Une décennie de golf en Suisse. Le bilan s’appelle stagnation: un seul nouveau terrain (Verbier), le projet de golf public à Onex, sur l’ancien terrain du GC Genève, est enterré. Et si la Migros allait créer un golf public, se demande l’auteure Marina Ducrey? Depuis le début de 1970 le nombre de licenciés de l’ASG est passé de 5002 à 7309, soit un taux de croissance de +31% en dix ans. Genève compte le plus grand nombre d’actifs (600), devant Lausanne (560) et Crans (542). Le nombre de juniors a doublé (955), tous les clubs ont une section junior et depuis 1976, les caddies participent également à l'entraînement junior. Par ailleurs, la presse suisse publie plus de 1000 articles sur le golf en 1980 et l’ASG engage Johnny Storjohann comme secrétaire général à mi-temps. Le journaliste sportif genevois (et attaché de presse de l’ASG) Patrick Favre devient rédacteur en chef de «Golf & Country». Les articles sont désormais publiés parallèlement en allemand et en français (à la place du bilinguisme).
Yves Hofstetter relève une nouvelle fois les difficultés de la promotion de la relève dans un petit pays où le golf reste un sport de niche. A cela s’ajoute le manque de formation pédagogique des teaching pros en Suisse. «L’ASG et l’ASPG doivent s’attaquer ensemble à ce problème», avertit Hofstetter. L’Association des professeurs de golf (ASPG), fondée en 1943, a certes revalorisé le métier, introduit un examen de professeur de golf et compte 70 membres actifs.
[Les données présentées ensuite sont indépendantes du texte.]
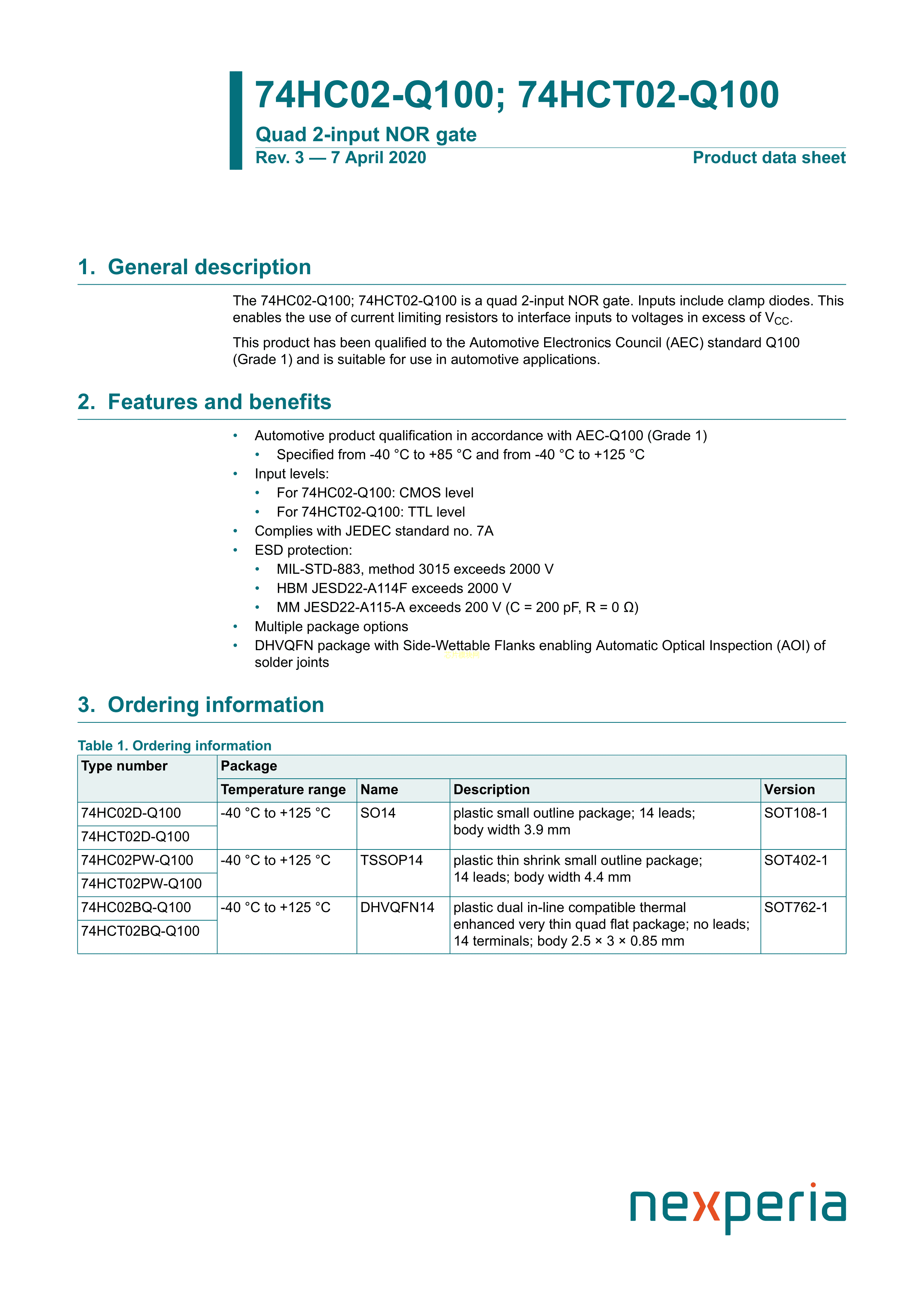 74HC02BQ-Q100115数据手册DHVQFN-14封装Nexperia(安世)PDF规格书,

Mais la situation reste précaire: pour financer la caisse de pension, l’ASPG recherche des membres donateurs pour 40 francs de cotisation annuelle ...
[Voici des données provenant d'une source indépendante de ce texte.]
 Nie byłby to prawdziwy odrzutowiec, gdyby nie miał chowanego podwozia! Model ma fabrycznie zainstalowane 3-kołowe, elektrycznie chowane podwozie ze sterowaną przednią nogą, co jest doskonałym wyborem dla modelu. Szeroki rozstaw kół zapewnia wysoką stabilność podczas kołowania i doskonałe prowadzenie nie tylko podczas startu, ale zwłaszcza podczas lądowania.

Pierre Ducrey, le rédacteur en chef romand (qui dirige désormais l’Ecole suisse d’archéologie en Grèce et deviendra recteur de l’université de Lausanne en 1987) se retire progressivement du journalisme golfique, mais rédige encore la saga Ballesteros (5/1980) sur le plus jeune vainqueur du Masters de tous les temps (23 ans), qui joue au golf «à la vie, à la mort, à l’instar d’un torero» et met nos nerfs à rude épreuve avec son «flirt téméraire avec la catastrophe, interrompu par des exploits à vous couper le souffle». Comme plus tard son compatriote Jiménez, Ballesteros ne prend pas goût à la vie américaine et ne reçoit guère de primes de départ aux Etats-Unis, contrairement aux stars américaines en Europe. En 1983, Seve remporte déjà son deuxième US Masters. Malgré cela, la superstar espagnole sera exclue du circuit américain en 1985, puisqu’il n’a participé qu’à 9 tournois PGA au lieu des 15 obligatoires.
Lors du Fiat Trophy 1980 à Turin, la Genevoise Régine Lautens fête une première victoire suisse avec sa collègue de club Marie-Christine de Werra. Grâce aux 13 coups d’avance des Ladies, la Suisse remporte le classement combiné par équipe (avec Ivan Couturier et Charles-André Bagnoud) devant l’Italie. Ivan Couturier, 18 ans, est champion de Suisse à la fois chez les hommes et chez les juniors. Avec Markus Frank, Thomas Gottstein, Carlo Rampone, Patrick Bagnoud, Johnny Storjohann, Evelyn et Jackie Orley, Carole Charbonnier, puis Paolo Quirici, Steve Rey, André Bossert et quelques autres, les Suisses brilleront au niveau national et international (voir le chapitre Les highlights sportifs et les plus grands succès suisses).
A Sun City (Bophutatswana), le Las Vegas africain à l’ouest de Johannesburg, se déroule le premier tournoi de golf doté d'un million de dollars. Beaucoup plus prosaïquement, le R&A décide la fin de la petite balle (41,15 mm), qui n'est plus autorisée depuis longtemps aux Etats-Unis. Même dans les tournois britanniques, on ne jouera plus qu'avec la grande balle américaine (42,67 mm) à partir de 1983.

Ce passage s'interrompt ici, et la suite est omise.